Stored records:
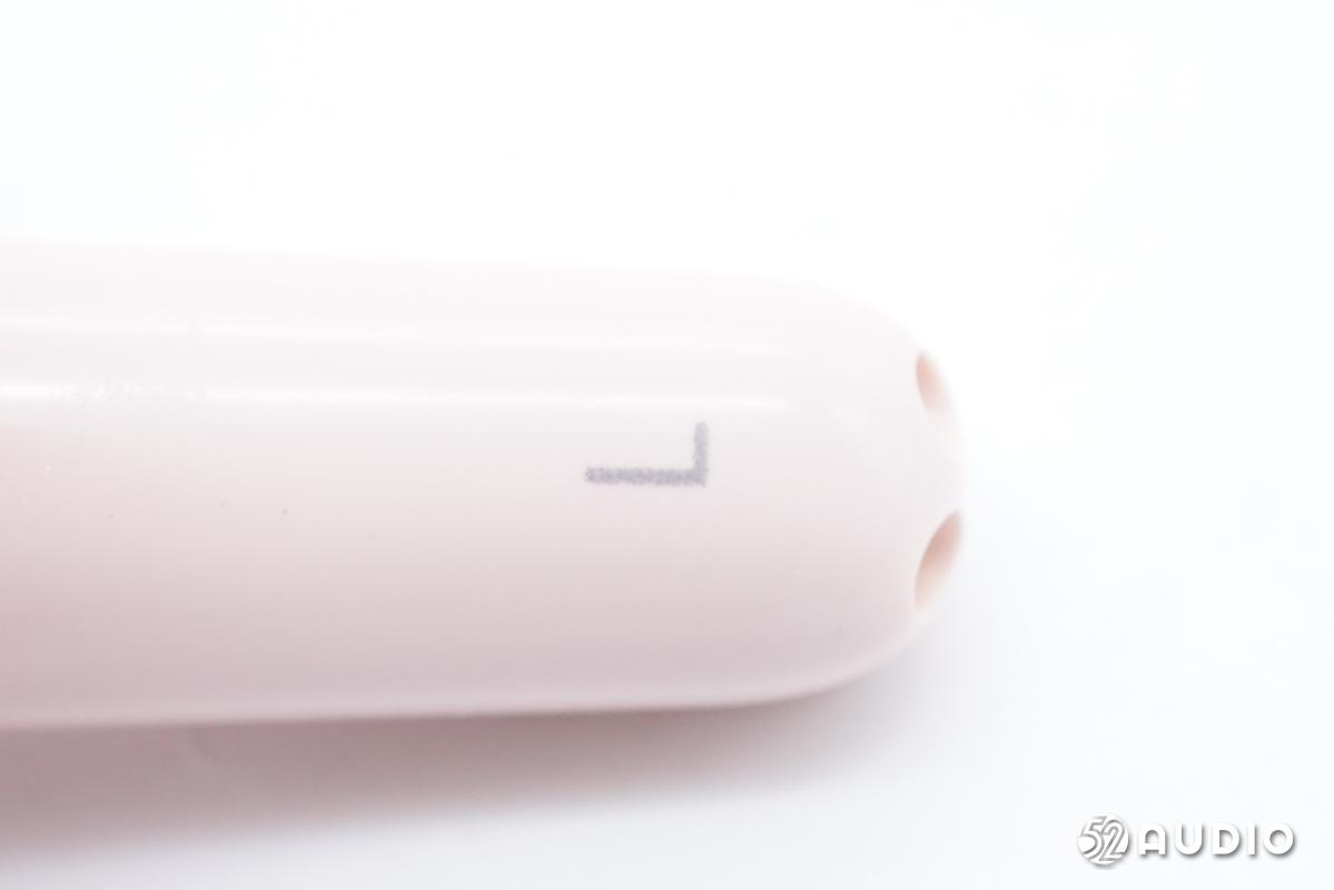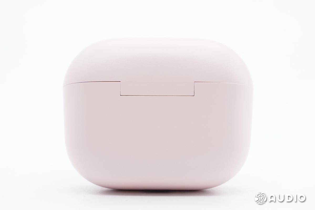 喜马拉雅AI真无线耳机1S充电盒采用了圆角方形设计,配色上则是使用了少女感爆棚的藕粉色,在充电盒的正前方设置有一颗“听”蓝牙配对按钮。
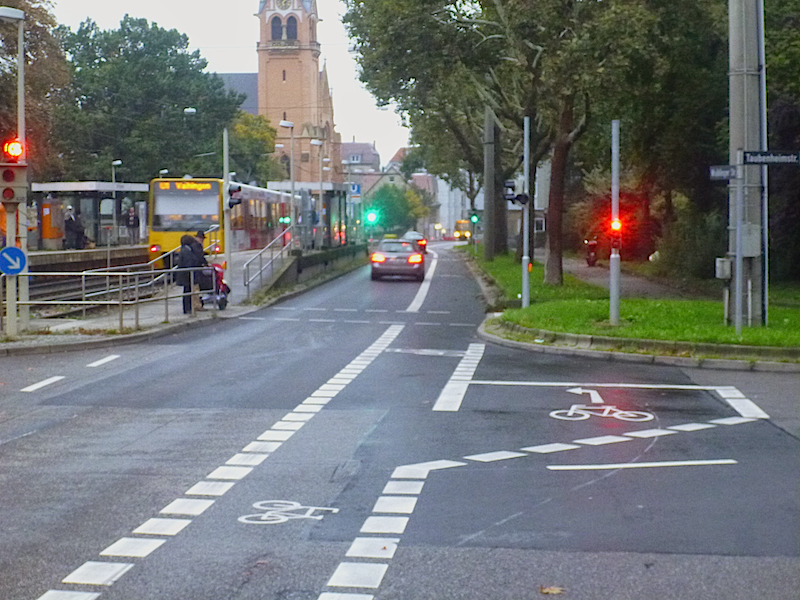 AntwortenLöschenBerichtigung: Der Normalfall in der StVO ist, dass Radfahrer auf demselben Fahrstreifen fahren wie die Kraftfahrzeuge, die in derselben Richtung abbiegen. Gibt es mehr als einen passenden Fahrstreifen, fahren Radfahrer auf dem am weitesten rechts. Nicht Normalfall ist es, dass geradeausfahrende Radfahrer auf dem Kraftfahrzeugrechtsabbiegefahrstreifen fahren. Dass Radfahrer eben dieses müssten, spukt in schon zu vielen Hirnen herum, und dass sie nichts Anderes könnten, auch in zumindest einem bei der Straßenverkehrsbehörde.
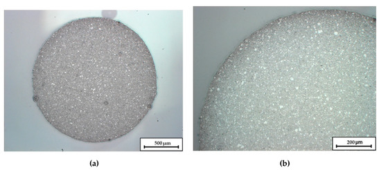 Figure 1 shows an optical micrograph image of a filament cross section. Besides the sufficient roundness for the continuous feed into the printer, the images reveal a homogeneous dispersion of the ceramics within the filament.
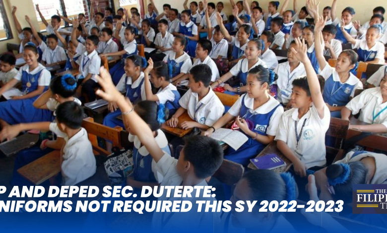 Vice President and Department of Education Secretary Sara Z. Duterte announced through a Viber message on Monday, July 18 that learners will not be required to wear school uniforms for the coming school year 2022-2023.
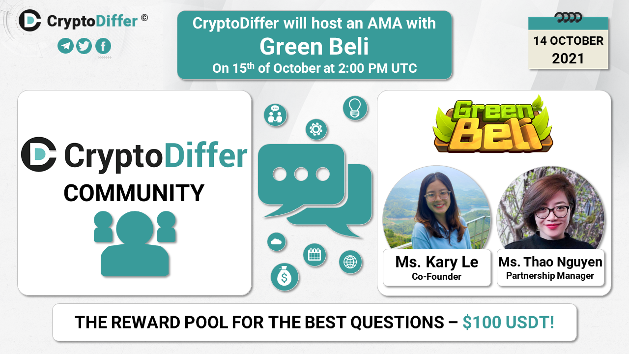 ❗️Dear community, CryptoDiffer will hold an AMA with Green Beli on the 15th of October at 2:00 PM UTC in the CryptoDiffer Telegram Chat!
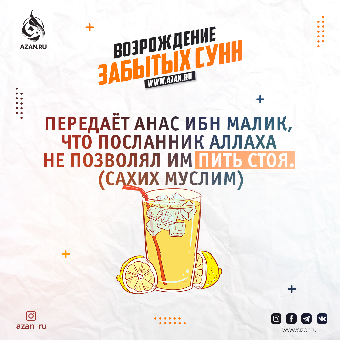 Передаёт Анас ибн Малик (да будет доволен им Аллах), что Посланник Аллаха ﷺ не позволял им пить стоя. (Сахих Муслим)

| WORK TO BE COMPLETED |
From the line containing "CryptoDiffer Telegram Chat!" down to the last line of the data, print every line exactly and nothing else. Pictures stay out of the copy.

| SOLUTION TO THIS PROBLEM |
 ❗️Dear community, CryptoDiffer will hold an AMA with Green Beli on the 15th of October at 2:00 PM UTC in the CryptoDiffer Telegram Chat!
 Передаёт Анас ибн Малик (да будет доволен им Аллах), что Посланник Аллаха ﷺ не позволял им пить стоя. (Сахих Муслим)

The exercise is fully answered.